Subject: Re: [htdig] Large Websites Indexing vs Dynamic Database query...pros & cons...
From: Geoff Hutchison (ghutchis@wso.williams.edu)
Date: Sat Dec 16 2000 - 06:53:34 PST


At 3:47 PM +0000 12/16/00, Sanjay Arora wrote:
>If one has a static pages site having 12-15 GB of static web-pages, what
>would be the index size?

It depends on a lot of factors (e.g. whether you use compression, how
much of the excerpts you decide to store), but it would be pretty
large.

>Would HtDig be suitable for such an application? Any pointers to web
>resources for comparisons with other open source search engines?

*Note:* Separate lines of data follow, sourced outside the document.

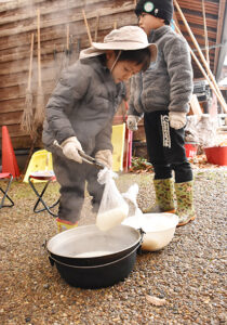 ▼沸騰したらお鍋にお米を入れて、次はカシの薪をくべて、引き続き燃やしていきます。火の番の間はゆっくりとお話タイムも楽しかったですね。
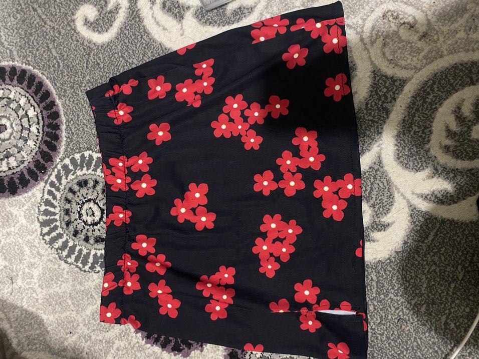 Koyu kırmızı çiçek desenli, fırfırlı ve vücuda oturan bu mini etek, yumuşak sentetik kumaştan üretilmiştir. Midi boyu ve bohem tarzıyla rahat bir görünüm sunar.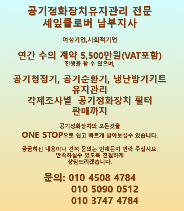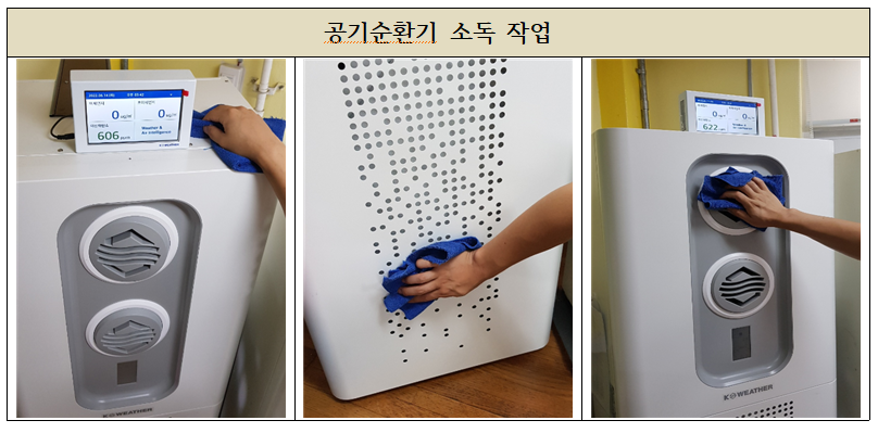 필터의 청소부터 소독 및 점검표까지 꼼꼼히 마무리 하였습니다.
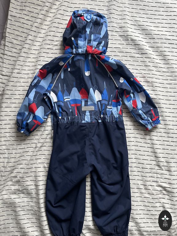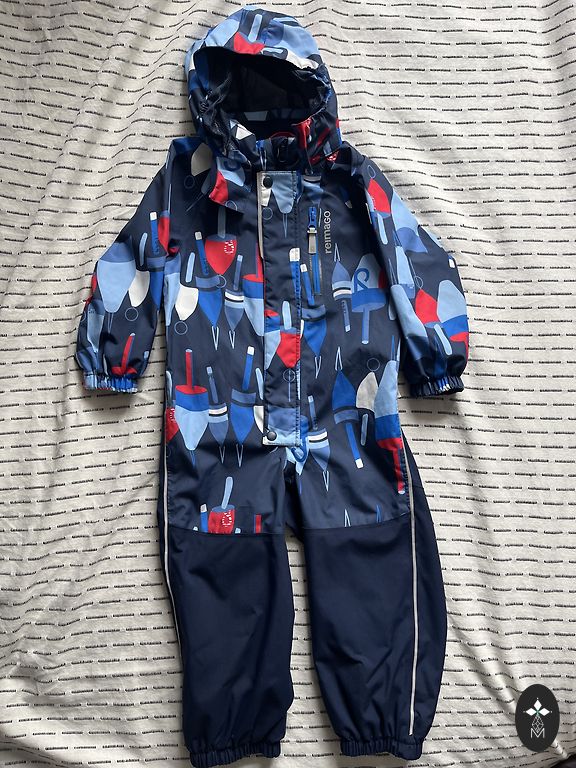 Sezoninis kombinezonas, dydis 104. Medžiaga: softshell su šiltu medvilnės pamušalu, tinkamas nuo +10 iki 0. Būklė gera, iš trūkumų: pamušalas turi pūkų, jei labai įsižiūrėti - nedideli nutrinimai ant kelių, audinys šiose vietose laikui bėgant tapo šiek tiek tamsesnis, bet uždėjus tai tikrai nėra pastebima.

Perhaps, though you'd need a server platform that can handle
files >2GB in size. Several people do have setups of ht://Dig this
large, though in most cases, they prefer to cut the database into
sections. For example one such site indexes mailing lists, so each
list has its own database.

>Would having a Dynamically generated site be a better option? What about
>server load issues of a search engine vs dynamically served pages? Can
>somebody please guide me to resources for further reading on this subject?

It depends a lot on what you mean by dynamic and how much traffic you
expect. Certainly dynamic content requires server horsepower. But you
can certainly buy enough hardware to handle it. But "dynamically
generated" and "search engine" are not mutually exclusive.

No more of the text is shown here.